袁木璽哼了一聲,兀自坐下,雙臂抱胸,道:“我今日就坐在這裏,你拿我一個試試!”
“你!”
慕容熊三怒指袁木璽,卻是拿他一點辦法都沒有,他說的沒錯,若無證據,不可捉拿,恐有流言,說捕官斷案靠的是嚴刑拷打。

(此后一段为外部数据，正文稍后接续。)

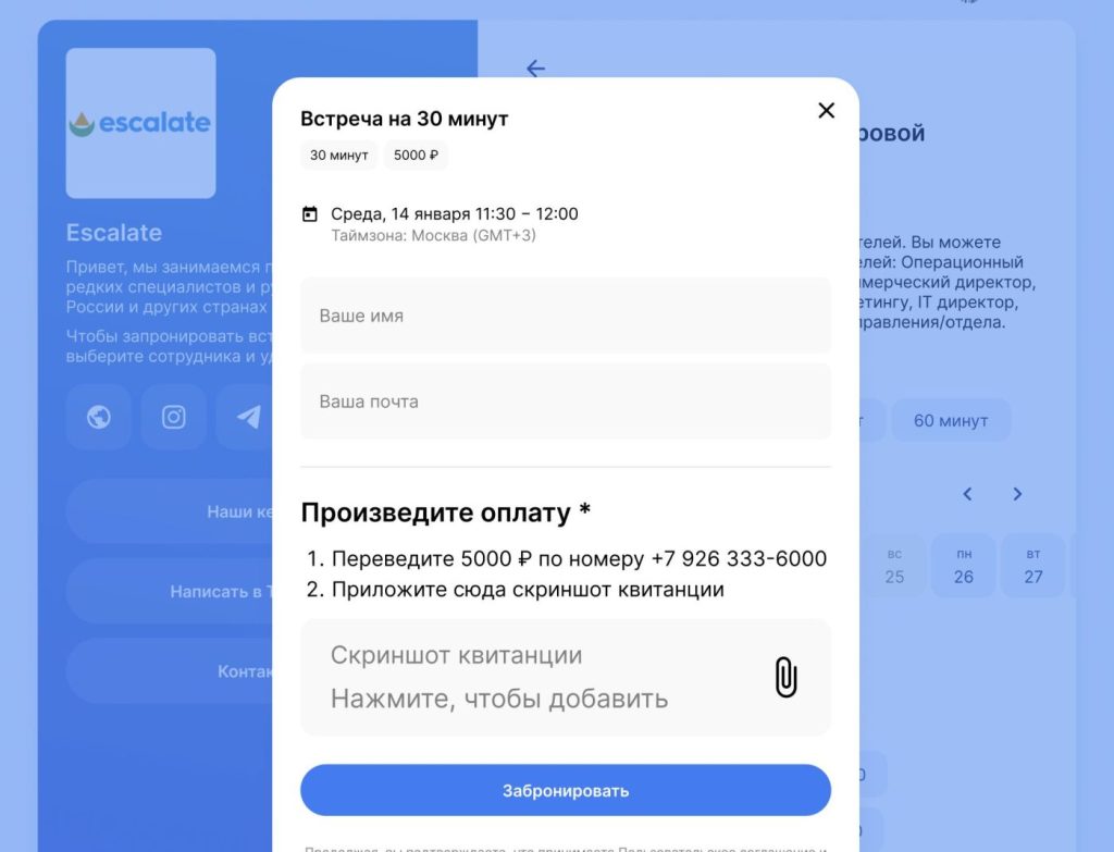 Клиент увидит эту инструкцию, переведет деньги и прикрепит скриншот квитанции для завершения бронирования.

林栩若有所思地看了袁木璽一眼,對慕容熊三說道:“前輩,這護衛其實是因為教我刀法,這才流汗的。”
“既然隻是教授刀法,有何不敢說?至於撒謊?”
林栩指了指欄杆外的街巷,道:“回前輩,此護衛刀法精絕,自成一派,不似那蒙麵客,使得扭扭捏捏,粗鄙不堪。他不願刀法流出,所以撒了謊,沒有照實說話。”
慕容熊三冷笑了一聲,對下屬吩咐了幾句,便見下屬帶人離去。
“今日興致來了,也想喝茶。”慕容熊三兀自挑了處空桌,喊道,“來人呐!上茶!”
林栩抱拳賠禮道:“前輩,這三樓.……晚輩已經包下來了,還望見諒.……”
“怎的?隻你能包?我就不能?”
林栩搖頭。
“那便好!今日三樓,我慕容熊三也包了!來人!上茶!”
……
(本章完)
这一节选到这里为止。